Keith Clark, the executive director of UWC, said a UAE campus had been under discussion for the past two years.

ABU DHABI // The Abu Dhabi Government is in talks to set up the fourteenth international campus of a world-renowned college in the capital.

United World College (UWC) is a pre-university school that offers a two-year diploma to students between 16 and 18 years of age. It uses scholarships and bursaries to attract applicants from 180 countries.

Education officials in Abu Dhabi said they plan to open a campus in the next four years to enable more Emirati students to gain an International Baccalaureate (IB) certificate while exposing them to a multicultural environment.

"With Abu Dhabi's journey towards being more integrated with world cultures, the campus will be a perfect gift for the pupils," said Dr Masood Badri, the director of research and performance management at the Abu Dhabi Education Council (Adec).

The IB diploma, considered one of the best secondary education qualifications in the world, covers science, maths, languages, humanities and the arts. At UWC campuses, the curriculum is not purely academic: students also learn international and intercultural understanding, compassion, the importance of voluntary work and respect for the environment.

Keith Clark, the executive director of UWC, said a UAE campus had been under discussion for the past two years.

"The partnership began with young Emiratis entering UWC, but [we are] potentially looking at a broader possibility of setting up a campus in Abu Dhabi," he said.

The UAE campus, which may be built on Delma Island west of the capital, will host both Emirati and non-Emirati students.

This year, to kick off the collaboration, Adec is sponsoring five Emirati pupils to complete their high school diploma at a current UWC campus.

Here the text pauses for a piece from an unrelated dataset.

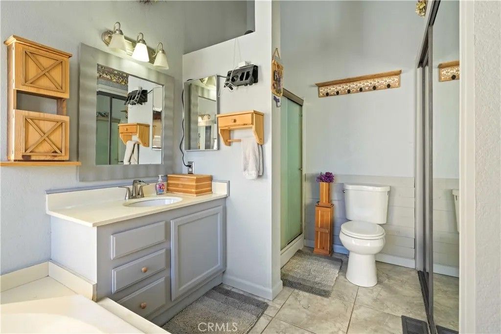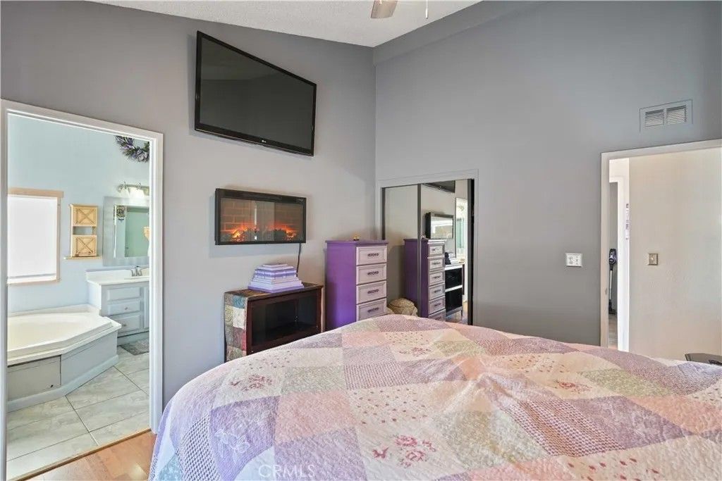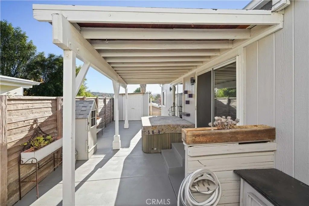 Rustic Farmhouse Charm with Modern Comforts in Canyon View Estates! Welcome to this beautifully updated 2-bedroom, 2-bathroom home spanning 1,234 square feet, where farmhouse style meets everyday functionality. From the moment you arrive, the upgraded exterior light fixtures add a touch of elegance and curb appeal. Step inside to a warm and inviting living room featuring a cozy fireplace with rock accents and a custom rustic wood mantel, perfect for relaxing evenings. A ceiling fan overhead and custom wood trim around the windows and sliding doors complete the space with comfort and character. The kitchen is a true standout with gray-painted cabinetry, butcher block countertops, stainless steel appliances, and charming wood trim details around the dividing wall, oven vent, and lighting fixtures. Durable tile flooring ties the space together, offering both style and practicality. The laundry room impresses with an abundance of cabinetry and tile flooringoffering maximum storage and utility. The fully remodeled guest bathroom boasts upgraded features throughout: an upgraded vanity, modern mirrors and lighting, tile wainscoting, and a beautifully tiled shower with a glass door. Retreat to the spacious primary bedroom, featuring a ceiling fan, mirrored wardrobe doors, and a sliding door leading to the backyard. The en-suite bathroom offers tile flooring, painted cabinetry, a large soaking tub, custom window trim, upgraded fixtures, and a wood plank accent wall, plus an additional mirrored closet for extra storage. Step outside to your private backyard oasiscomplete with a covered concrete patio, paver sitting area with a view, offering minimal maintenance. An additional garage access door with a metal screen allows for a refreshing breeze and convenient entry. This home is a rare blend of rustic charm and modern upgrades, perfect for buyers looking for style, warmth, and a move-in-ready space. Don't miss your opportunity to own this unique gem! This home has a monthly land lease of $1,559.04, which includes access to 24-hour gated security, 2 pools and spa, 2 sport courts, 2 play areas, a clubhouse, and RV storage. Conveniently located near parks, trails, schools, shopping, dining, and with easy freeway and Metro-link access. This is one you wont want to miss! Please submit pre-approval and proof of funds with offer. Buyer to verify all information prior to close of escrow.

"These pupils will be representing the UAE for the first time in these schools," Dr Badri said. "We are working towards building our very own UWC and the plan is to have it up and running in the next few years."

The Emirati students who have been selected for the two-year scholarship will be leaving next month.

Mustafa Abu Bakr will go to the US campus in New Mexico; Hamdan Mubarak Hatrash to the UK; Ahmed Mohammed to Costa Rica; Mohamed Amer to Italy; and Talal Bashir to Bosnia.

"It is an extraordinary school and all the people there are from different parts of the world," Mustafa said. "In our schools here, we are not exposed to so many cultures and this will be an opportunity to understand them."

"I will be starting a new life, living on my own," said Hamdan, who is looking forward to the arts and sports programmes at the college in south Wales. "I think it'll help me become more independent."

Paul Andrews, the manager of the private school division at Adec, who has been preparing the pupils, said they were chosen out of 15 applicants.

"The essential qualities of a UWC student are to be open-minded, curious and have a genuine interest in making a positive impact on society," he said. "These pupils have that, as well as the academic ability required. We plan to extend this and give out up to 12 scholarships from next year as part of the agreement."

Dr Bardi said the initiative would build the calibre of the country's university applicants. "This is our main concern and we know that the student output from these colleges is very high," he said. "Once they graduate, university offers will be on their doorstep."